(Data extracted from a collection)
[Start of section]

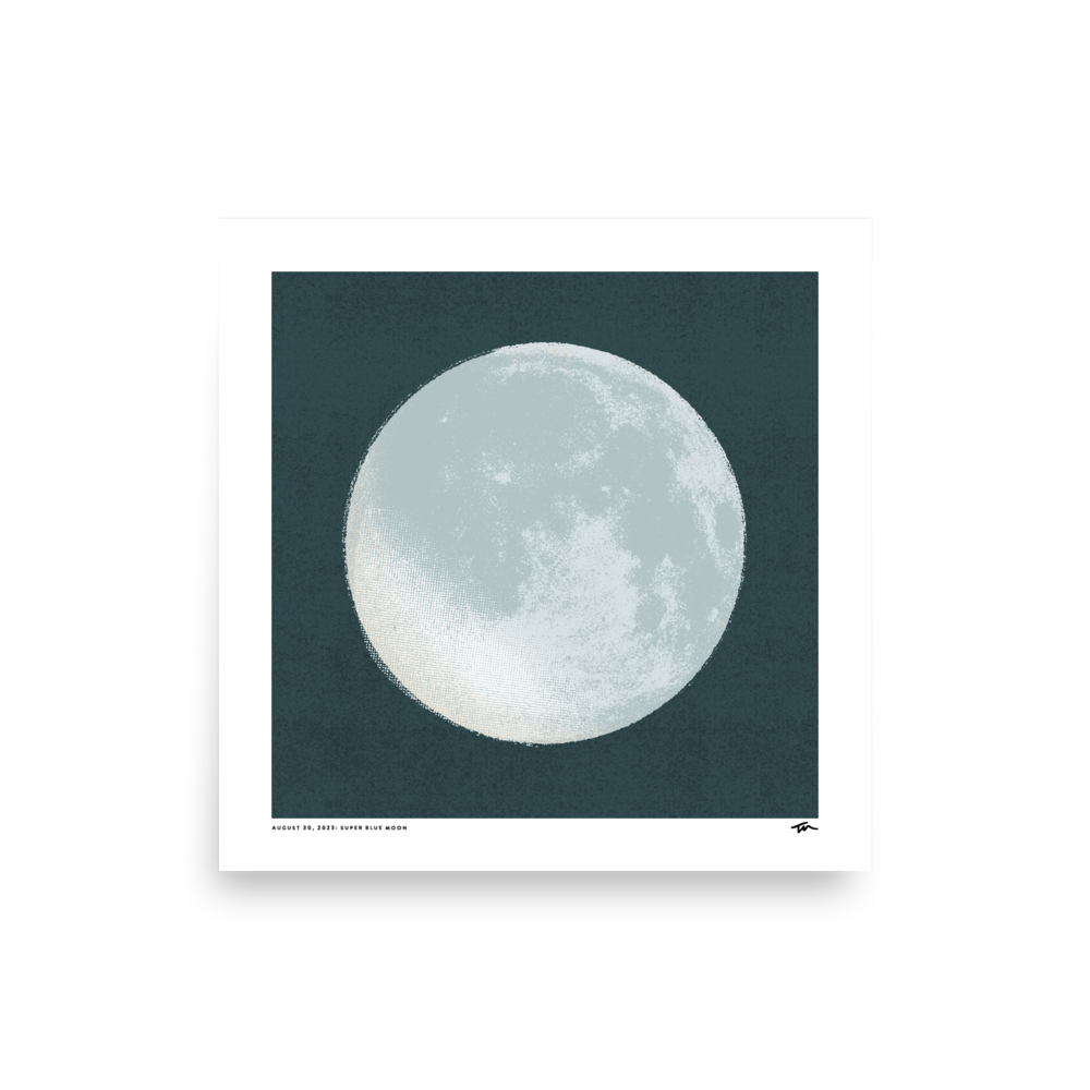 Open edition art print of the design created to showcase the beauty of the super blue moon.
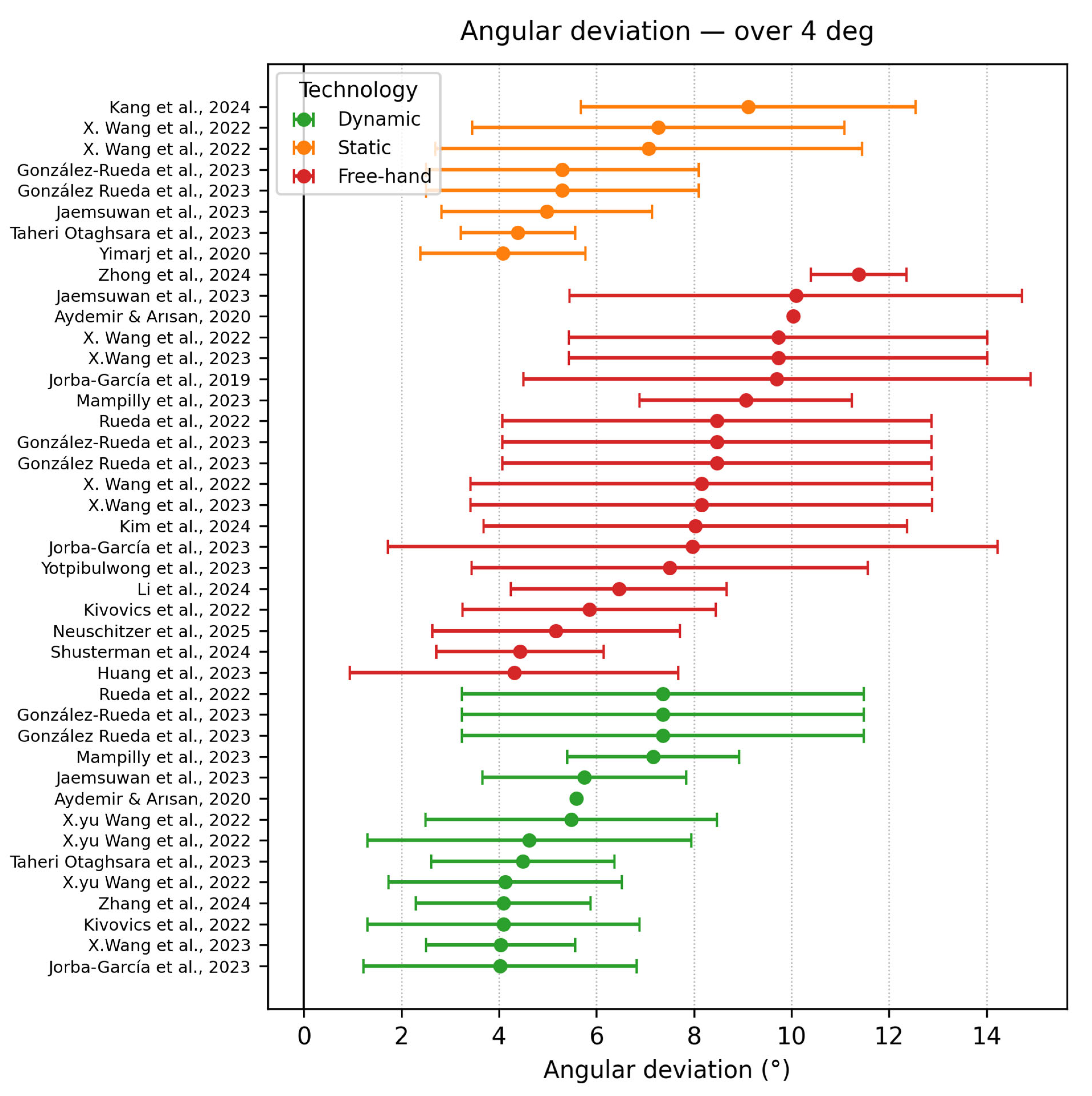 | Zhong et al. [30] | Case study | FREEHAND DCAIS | DHC DI2 (Dcarer Medical Technology Co., Ltd., Suzhou, China) | Conv | 2 | 20 | FH −2.08 ± 0.19 | FH −1.28 ± 0.14 | FH −11.38 ± 0.98° |
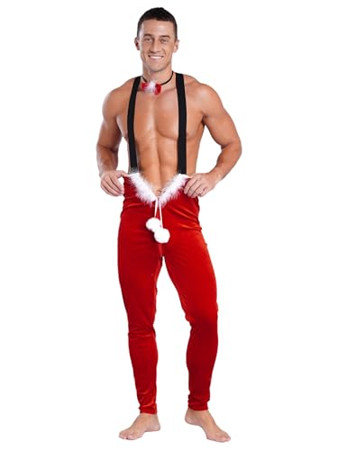 Sexy Santa Outfit for Men Soft Velvet Santa Claus One Piece Sleeveless Pajamas Jumpsuits Nightwear 6
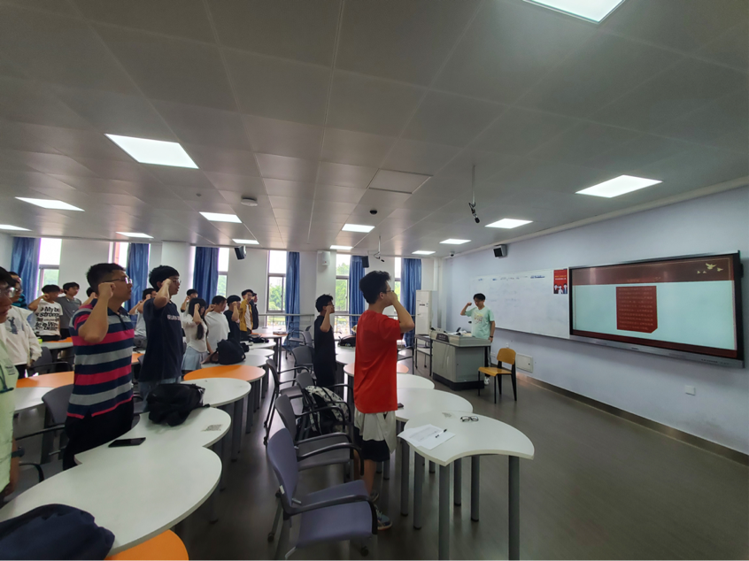 下午两点整,在一班团支书罗岩泓同学简短的引入下,第二次团日活动正式开始。首先,同学们认真观看青年运动历史系列微视频,对于五四精神有了更深入的了解。接下来,班长带领大家重温入团誓词,同学们慷慨激昂的宣誓声展现着作为中国青年的决心和信念。最后,几位优秀团员做经验分享。同学们认真倾听交流,积极学习他们身上优秀的品质,表示要以优秀团员为标杆时刻严格要求自己。
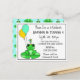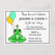 Cartes d'invitation d'anniversaire avec une grenouille mignonne assise sur un nénuphar avec un chapeau d'anniversaire et des ballons. Mignon pour l'anniversaire d'un petit garçon.
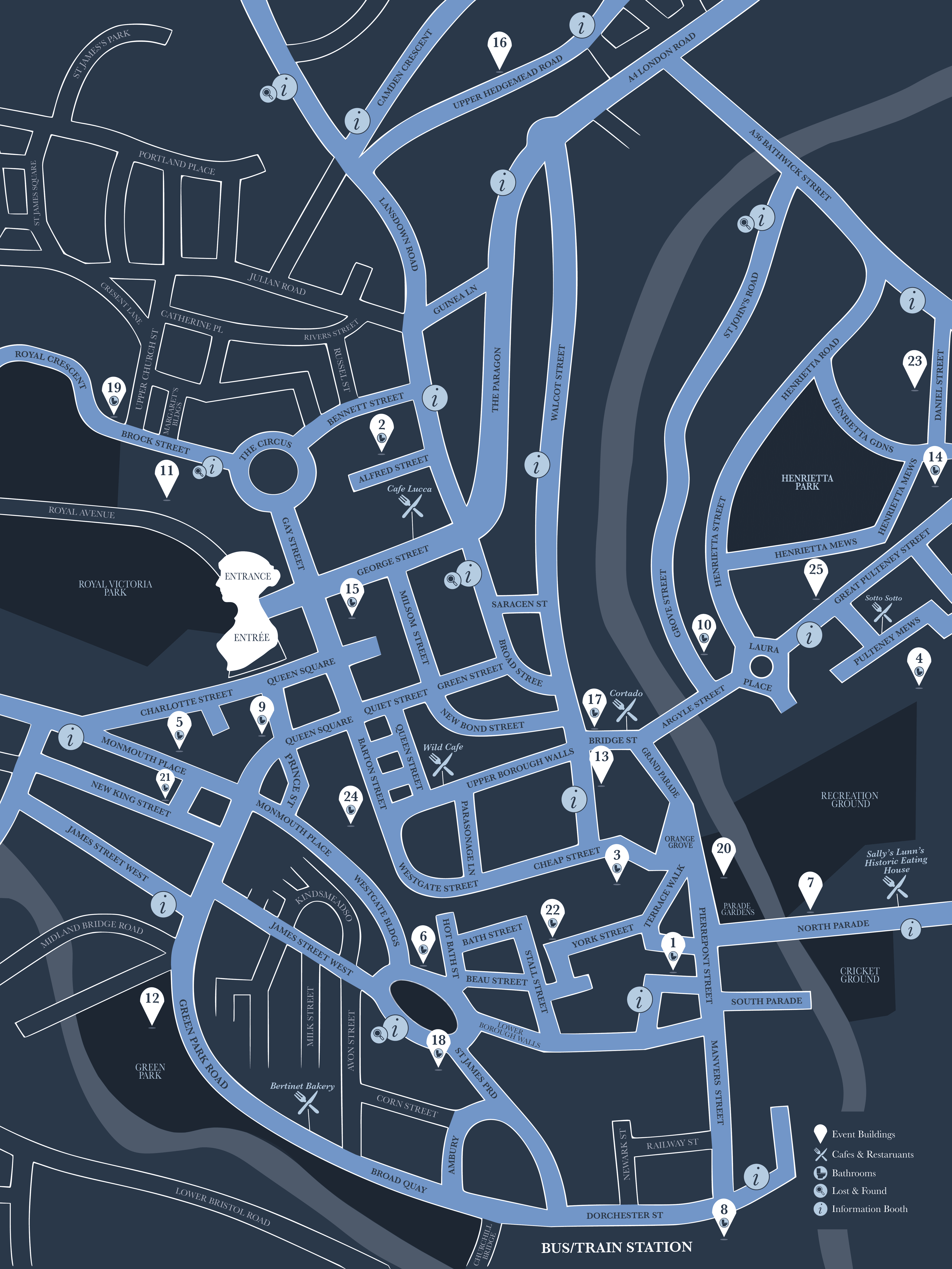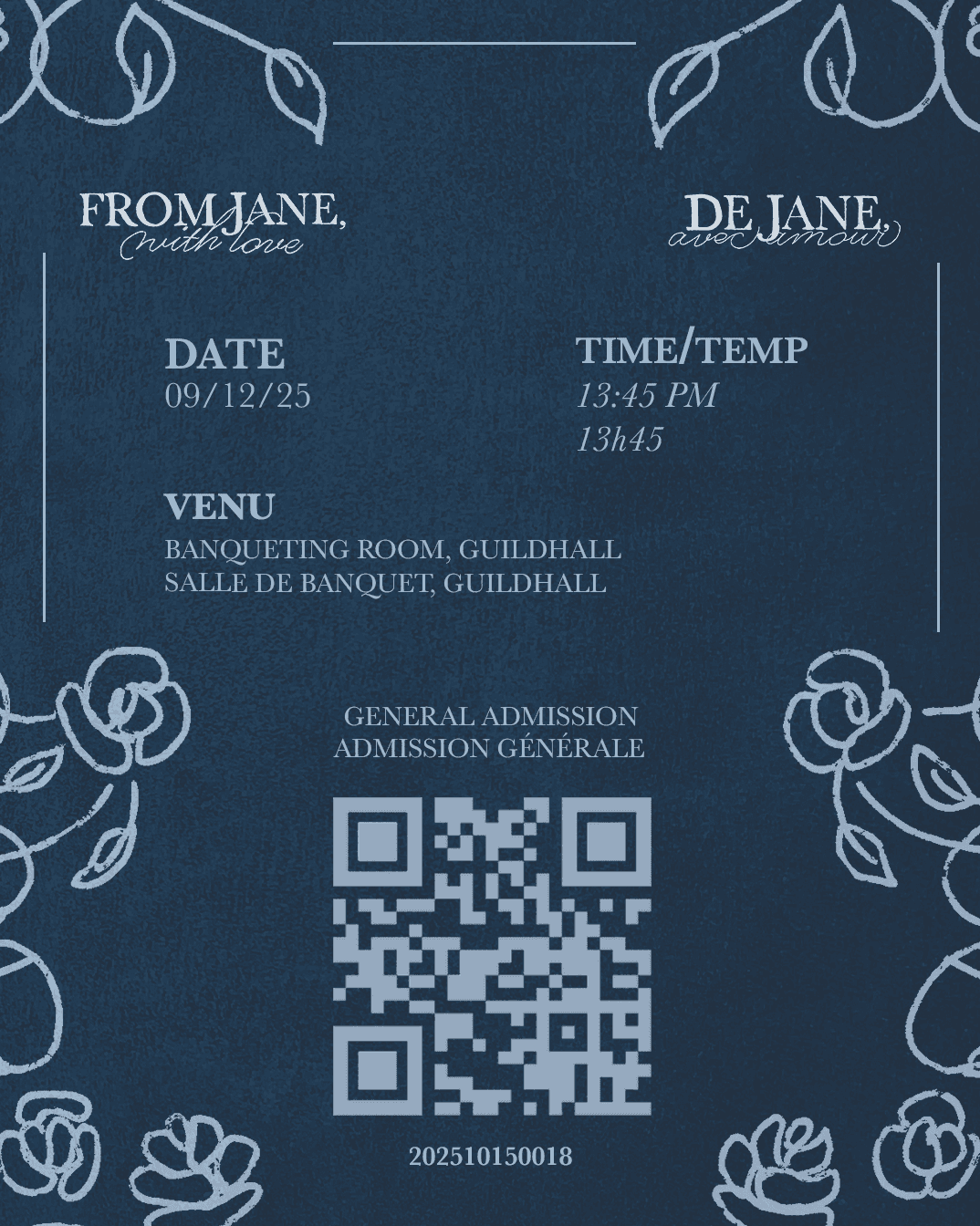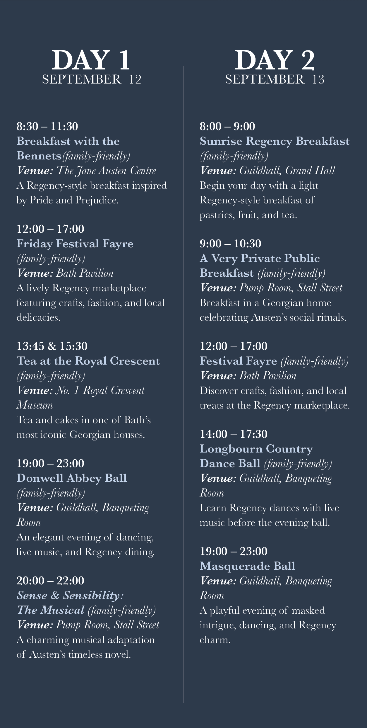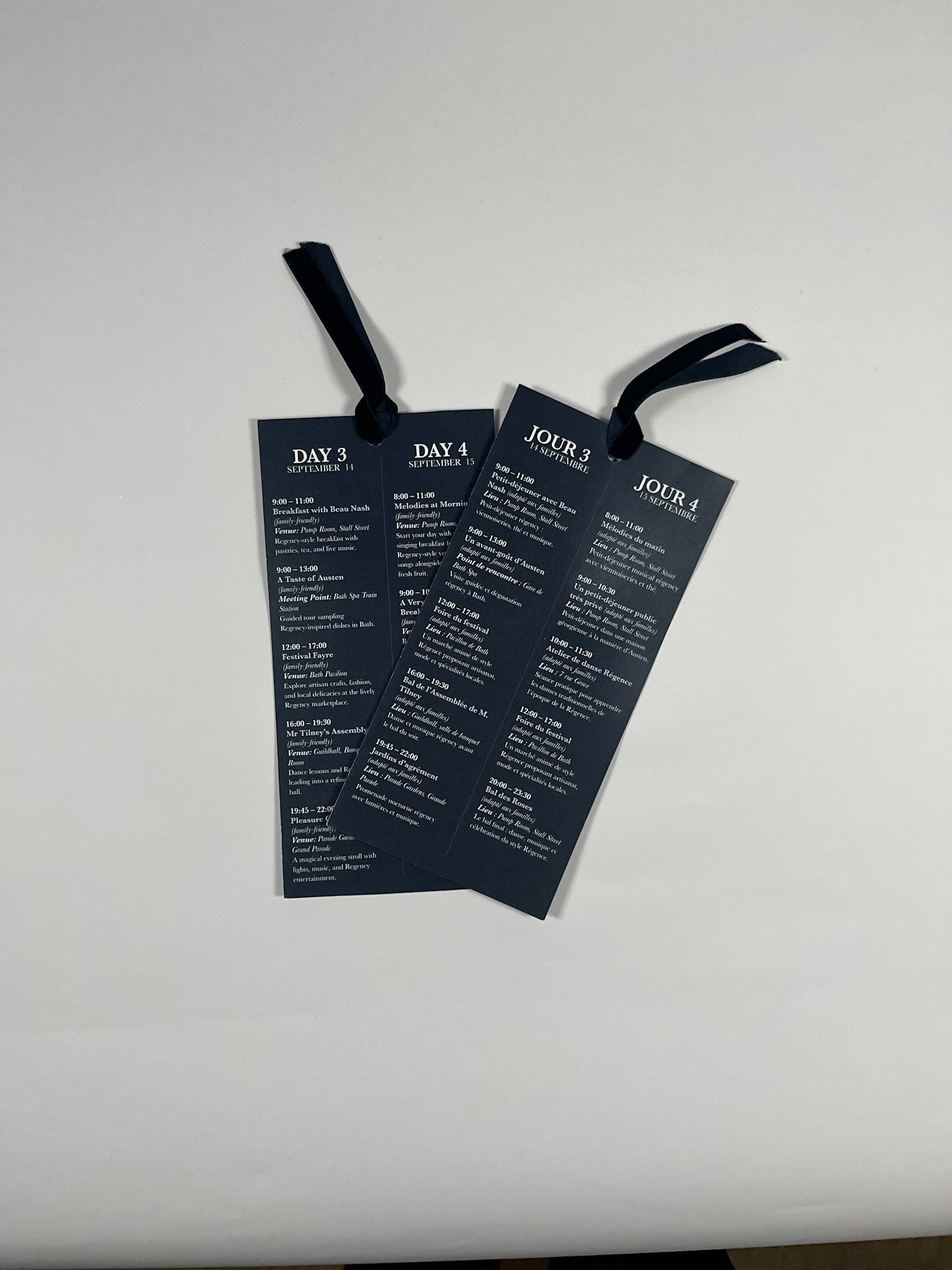 For the program, I focused on creating a thoughtful user experience from the moment it’s opened. Participants are greeted with a welcome message paired with the From Jane, With Love floral pattern, setting a refined Regency tone. To support easy navigation, I added a QR code for quick activity registration, a clear daily pull out schedule highlighting the five main events, and a simplified festival map with a legend so guests can find key locations easily.
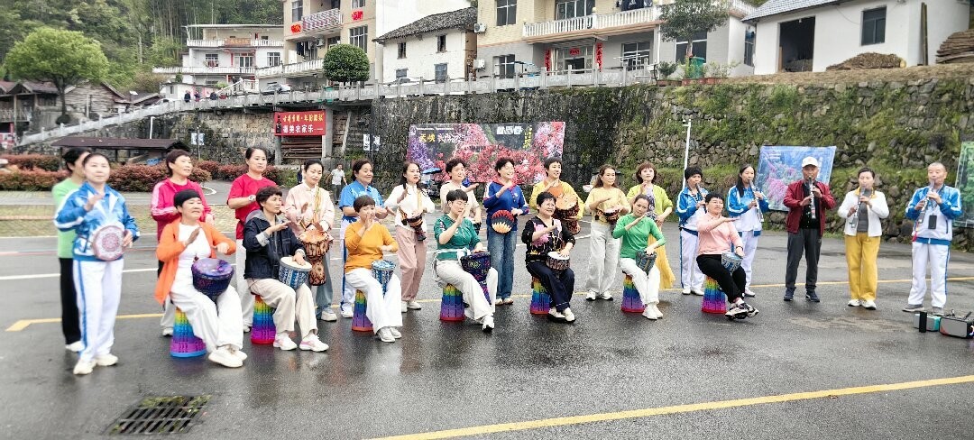 4月11日,电吹管班与手鼓班携手,赴岳西天峡开展联合“游学养”活动。春日天峡青山叠翠、杜鹃盛放,学员们漫步花海、交流学习心得,彼此搀扶、情谊深厚。活动现场,大家联袂演奏《开门红》《花又期》《军中绿花》等经典曲目,鼓乐与笛声交织,悠扬的旋律回荡山间,引得过往游客纷纷驻足喝彩,定格下老年学员乐享生活的美好瞬间。
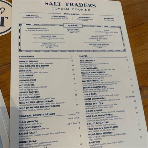 Salt traders coastal cooking is a home for the team behind jack allen’s kitchen to offer the best of land and sea. Web salt traders coastal cooking menu menu for salt traders coastal cooking beginnings smoked fish dip smoked fish, cream cheese, chives, kettle chips 45 reviews 25 photos $10.00 new orleans bbq shrimp preserved lemon, fresh herbs, soppin bread 16 reviews 13 photos $14.00 coastal soups and salads clam chowda clams, potato, leeks, bacon With as much emphasis on the texas turf as the surf, our menu offerings ensure everyone will have a meal they’ll love. We aim to make you have the most energetic experience while at our restaurant. Butter roll, tartar, bread and butter pickles, fennel slaw, kettle chips. When the reservation is completed, you'll receive your reservation details via email or text. Zomato.com does not guarantee prices or the availability of menu items at salt traders coastal cooking. Menu (including prices) for salt traders coastal cooking may have changed since the last time the website was updated. Log in create account your order Web come to salt traders coastal cooking in round rock where you can try american food like our savory tacos.
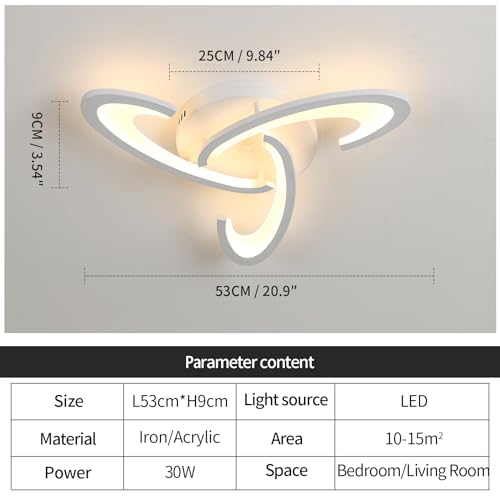 【Specifiche】Dimensioni della plafoniera a LED: L53 * W53 * H9 cm. Potenza: 30 W, Lumen: 3375LM, Temperatura del colore variabile da 3000K a 6500K, Luminosità regolabile in continuo dal 10% al 100% tramite telecomando/APP, Gamma di illuminazione: 10-15 metri quadrati, adatta per camera da letto, soggiorno, ecc.

[End of section]

WORK REQUEST: The data is to be printed again exactly, but without its pictures.

ANSWER SPACE:
 Open edition art print of the design created to showcase the beauty of the super blue moon.
 | Zhong et al. [30] | Case study | FREEHAND DCAIS | DHC DI2 (Dcarer Medical Technology Co., Ltd., Suzhou, China) | Conv | 2 | 20 | FH −2.08 ± 0.19 | FH −1.28 ± 0.14 | FH −11.38 ± 0.98° |
 Sexy Santa Outfit for Men Soft Velvet Santa Claus One Piece Sleeveless Pajamas Jumpsuits Nightwear 6
 下午两点整,在一班团支书罗岩泓同学简短的引入下,第二次团日活动正式开始。首先,同学们认真观看青年运动历史系列微视频,对于五四精神有了更深入的了解。接下来,班长带领大家重温入团誓词,同学们慷慨激昂的宣誓声展现着作为中国青年的决心和信念。最后,几位优秀团员做经验分享。同学们认真倾听交流,积极学习他们身上优秀的品质,表示要以优秀团员为标杆时刻严格要求自己。
 Cartes d'invitation d'anniversaire avec une grenouille mignonne assise sur un nénuphar avec un chapeau d'anniversaire et des ballons. Mignon pour l'anniversaire d'un petit garçon.
 For the program, I focused on creating a thoughtful user experience from the moment it’s opened. Participants are greeted with a welcome message paired with the From Jane, With Love floral pattern, setting a refined Regency tone. To support easy navigation, I added a QR code for quick activity registration, a clear daily pull out schedule highlighting the five main events, and a simplified festival map with a legend so guests can find key locations easily.
 4月11日,电吹管班与手鼓班携手,赴岳西天峡开展联合“游学养”活动。春日天峡青山叠翠、杜鹃盛放,学员们漫步花海、交流学习心得,彼此搀扶、情谊深厚。活动现场,大家联袂演奏《开门红》《花又期》《军中绿花》等经典曲目,鼓乐与笛声交织,悠扬的旋律回荡山间,引得过往游客纷纷驻足喝彩,定格下老年学员乐享生活的美好瞬间。
 Salt traders coastal cooking is a home for the team behind jack allen’s kitchen to offer the best of land and sea. Web salt traders coastal cooking menu menu for salt traders coastal cooking beginnings smoked fish dip smoked fish, cream cheese, chives, kettle chips 45 reviews 25 photos $10.00 new orleans bbq shrimp preserved lemon, fresh herbs, soppin bread 16 reviews 13 photos $14.00 coastal soups and salads clam chowda clams, potato, leeks, bacon With as much emphasis on the texas turf as the surf, our menu offerings ensure everyone will have a meal they’ll love. We aim to make you have the most energetic experience while at our restaurant. Butter roll, tartar, bread and butter pickles, fennel slaw, kettle chips. When the reservation is completed, you'll receive your reservation details via email or text. Zomato.com does not guarantee prices or the availability of menu items at salt traders coastal cooking. Menu (including prices) for salt traders coastal cooking may have changed since the last time the website was updated. Log in create account your order Web come to salt traders coastal cooking in round rock where you can try american food like our savory tacos.
 【Specifiche】Dimensioni della plafoniera a LED: L53 * W53 * H9 cm. Potenza: 30 W, Lumen: 3375LM, Temperatura del colore variabile da 3000K a 6500K, Luminosità regolabile in continuo dal 10% al 100% tramite telecomando/APP, Gamma di illuminazione: 10-15 metri quadrati, adatta per camera da letto, soggiorno, ecc.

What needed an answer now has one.